Likely to save some register file bandwidth (potentially allowing for more ALUs) and a lot of power. I'm surprised AMD isn't doing this already.

Cheers

Digidi · May 8, 2018

AMD limits are not Alu limits. AMD needs a better front end for workloaddistribution. The patent could be interesting for ray tracing. Maybe with this patent you save also some latency time.

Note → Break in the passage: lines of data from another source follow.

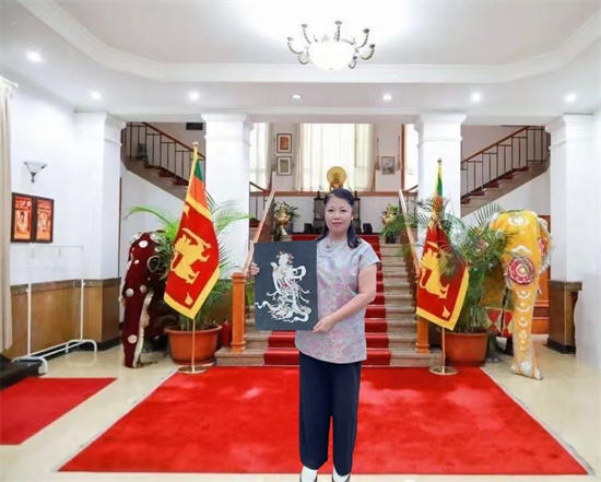 展览期间,主办方还特别设置了"中斯艺术家对话"环节。贾桂芹老师与斯里兰卡艺术家就传统艺术的当代创新进行了深入交流。
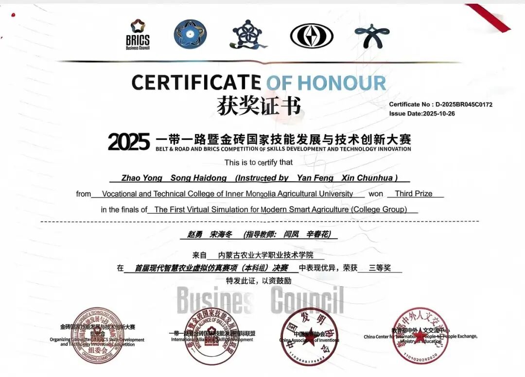 喜报丨我院计算机技术系学子斩获2025“一带一路”金砖大赛现代智慧农业虚拟仿真赛项全国三等奖
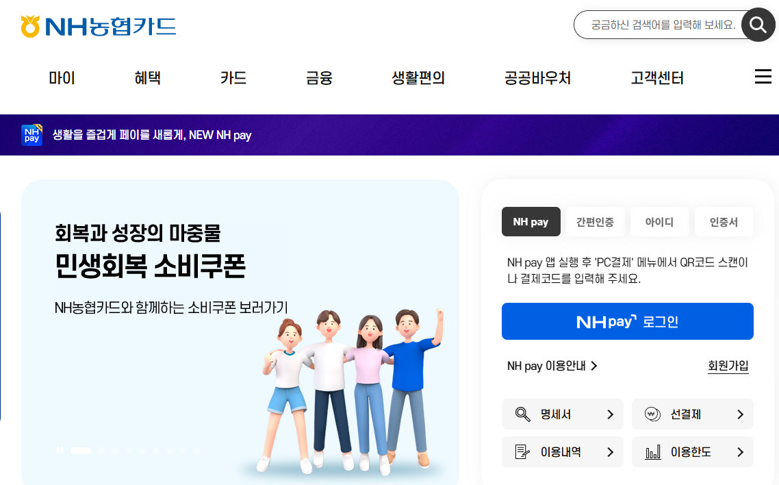 NH농협카드 홈페이지 바로가기
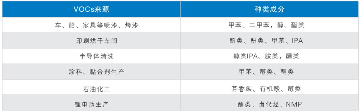 應(yīng)用行業(yè)及廢氣成分:
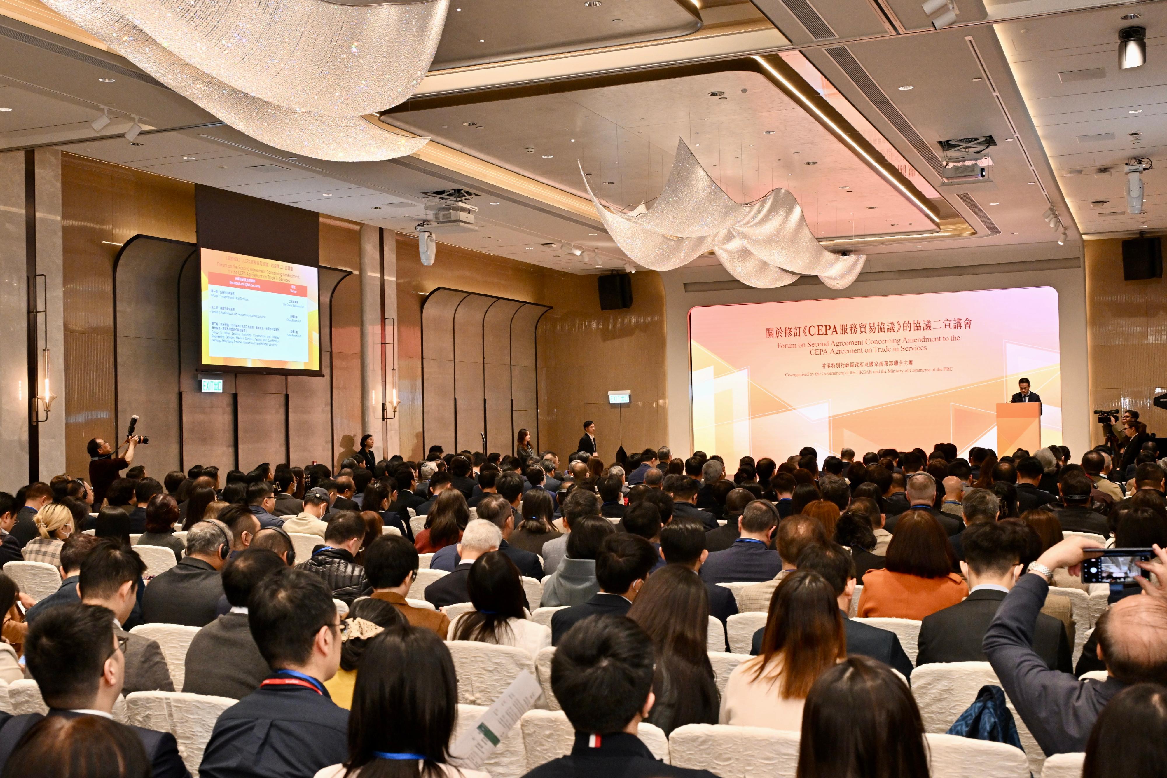 Over 350 people, including representatives from local and foreign chambers of commerce, consulates, major trade associations and professional sectors, participated in the forum. The forum comprised three breakout sessions covering financial and legal services; audiovisual and telecommunications services; and other services (including construction and related engineering, medical, testing and certification, advertising, and tourism and travel related services). Representatives from over 20 central ministries and HKSAR Government bureaux and departments briefed participants at the forum on the content and implementation arrangements of the Amendment Agreement II, as well as the criteria and procedures for application for preferential treatments, and answered questions from the trade.

Anarchist4000 · May 8, 2018

Urian said:
This sounds familiar to me.

This isn't flexible scalar as it's still SIMD. Cascaded SIMDs or Nvidia's Register File Caching would be more representative. The theory I had a while back was one or more flexible scalars handling special instructions and fowarding the result temporally through a SIMD-like structure similar to this. Create a systolic array with the scalar handling the uncommon instructions and forwarding between SIMDs. Difference between this and my theory is that I assumed forwarding between lanes instead of SIMDs which should be superior to even this in regards to power. Gets tricky finding enough consecutive same instructions though.

Digidi said:
AMD limits are not Alu limits. AMD needs a better front end for workloaddistribution. The patent could be interesting for ray tracing. Maybe with this patent you save also some latency time.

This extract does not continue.